(RECORDS SHOWN):
=== Begin Enclosure ===

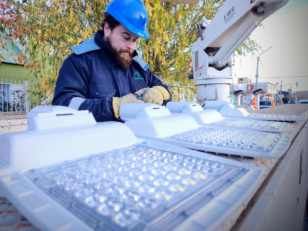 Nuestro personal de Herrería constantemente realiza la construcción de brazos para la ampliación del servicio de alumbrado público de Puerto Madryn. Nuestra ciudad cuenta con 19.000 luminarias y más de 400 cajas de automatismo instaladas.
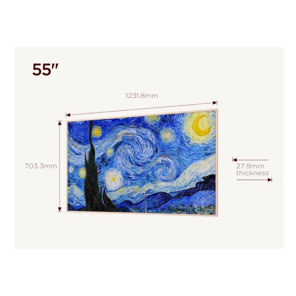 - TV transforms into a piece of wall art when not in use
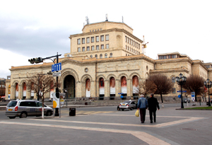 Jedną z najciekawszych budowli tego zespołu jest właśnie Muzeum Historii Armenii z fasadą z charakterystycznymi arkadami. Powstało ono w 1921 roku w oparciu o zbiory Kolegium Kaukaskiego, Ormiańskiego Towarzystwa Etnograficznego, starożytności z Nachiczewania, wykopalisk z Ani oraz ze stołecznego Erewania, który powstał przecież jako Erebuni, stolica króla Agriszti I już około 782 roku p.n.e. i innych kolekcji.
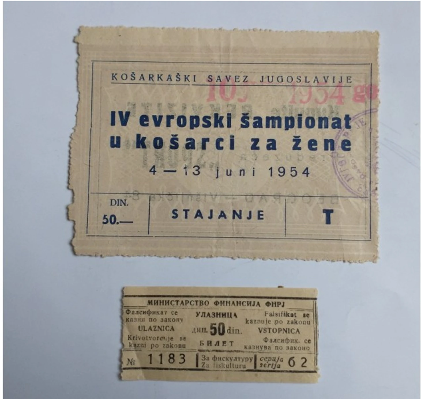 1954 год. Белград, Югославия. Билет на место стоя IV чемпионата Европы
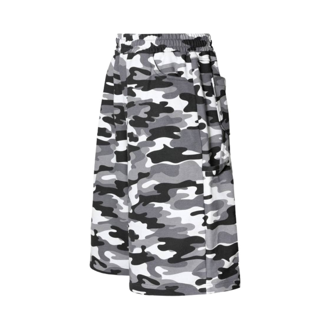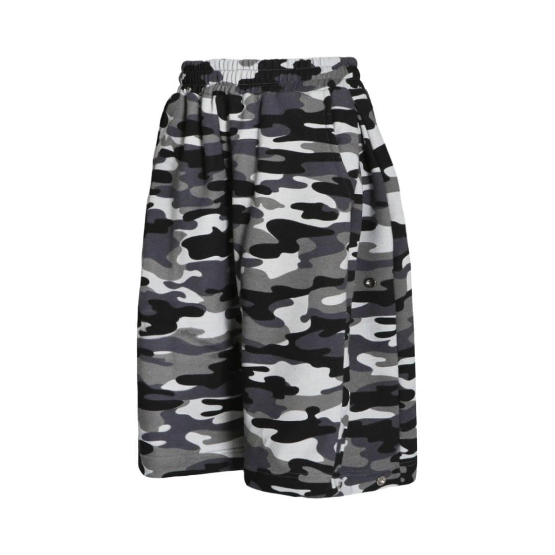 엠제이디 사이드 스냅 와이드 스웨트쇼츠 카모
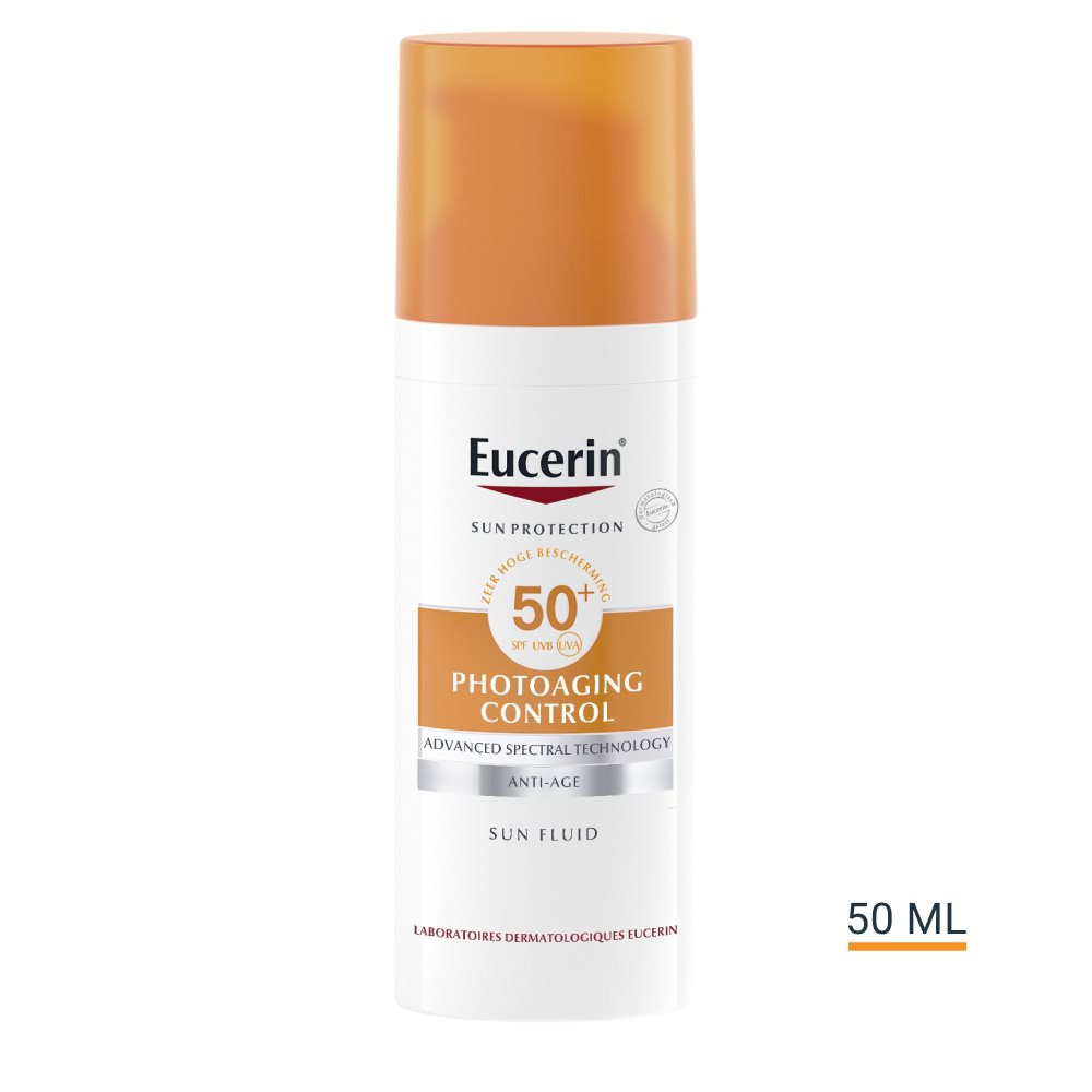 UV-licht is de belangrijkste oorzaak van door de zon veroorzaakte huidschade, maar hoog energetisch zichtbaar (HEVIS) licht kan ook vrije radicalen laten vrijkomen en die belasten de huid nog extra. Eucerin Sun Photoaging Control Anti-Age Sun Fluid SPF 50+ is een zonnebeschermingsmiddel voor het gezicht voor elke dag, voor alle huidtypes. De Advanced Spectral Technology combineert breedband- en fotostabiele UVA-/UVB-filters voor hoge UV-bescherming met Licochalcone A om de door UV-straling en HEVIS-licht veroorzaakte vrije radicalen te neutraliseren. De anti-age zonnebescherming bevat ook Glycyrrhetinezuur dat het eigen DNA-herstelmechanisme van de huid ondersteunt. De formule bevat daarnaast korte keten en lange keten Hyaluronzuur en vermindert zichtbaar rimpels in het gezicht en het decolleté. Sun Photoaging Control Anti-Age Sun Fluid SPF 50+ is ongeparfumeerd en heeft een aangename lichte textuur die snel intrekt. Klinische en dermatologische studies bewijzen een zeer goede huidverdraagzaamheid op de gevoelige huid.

=== End Enclosure ===

(TASK DESCRIPTION): Please give the entries above again exactly as written, leaving out any pictures.

(ANSWER TO THIS TASK):
 Nuestro personal de Herrería constantemente realiza la construcción de brazos para la ampliación del servicio de alumbrado público de Puerto Madryn. Nuestra ciudad cuenta con 19.000 luminarias y más de 400 cajas de automatismo instaladas.
 - TV transforms into a piece of wall art when not in use
 Jedną z najciekawszych budowli tego zespołu jest właśnie Muzeum Historii Armenii z fasadą z charakterystycznymi arkadami. Powstało ono w 1921 roku w oparciu o zbiory Kolegium Kaukaskiego, Ormiańskiego Towarzystwa Etnograficznego, starożytności z Nachiczewania, wykopalisk z Ani oraz ze stołecznego Erewania, który powstał przecież jako Erebuni, stolica króla Agriszti I już około 782 roku p.n.e. i innych kolekcji.
 1954 год. Белград, Югославия. Билет на место стоя IV чемпионата Европы
 엠제이디 사이드 스냅 와이드 스웨트쇼츠 카모
 UV-licht is de belangrijkste oorzaak van door de zon veroorzaakte huidschade, maar hoog energetisch zichtbaar (HEVIS) licht kan ook vrije radicalen laten vrijkomen en die belasten de huid nog extra. Eucerin Sun Photoaging Control Anti-Age Sun Fluid SPF 50+ is een zonnebeschermingsmiddel voor het gezicht voor elke dag, voor alle huidtypes. De Advanced Spectral Technology combineert breedband- en fotostabiele UVA-/UVB-filters voor hoge UV-bescherming met Licochalcone A om de door UV-straling en HEVIS-licht veroorzaakte vrije radicalen te neutraliseren. De anti-age zonnebescherming bevat ook Glycyrrhetinezuur dat het eigen DNA-herstelmechanisme van de huid ondersteunt. De formule bevat daarnaast korte keten en lange keten Hyaluronzuur en vermindert zichtbaar rimpels in het gezicht en het decolleté. Sun Photoaging Control Anti-Age Sun Fluid SPF 50+ is ongeparfumeerd en heeft een aangename lichte textuur die snel intrekt. Klinische en dermatologische studies bewijzen een zeer goede huidverdraagzaamheid op de gevoelige huid.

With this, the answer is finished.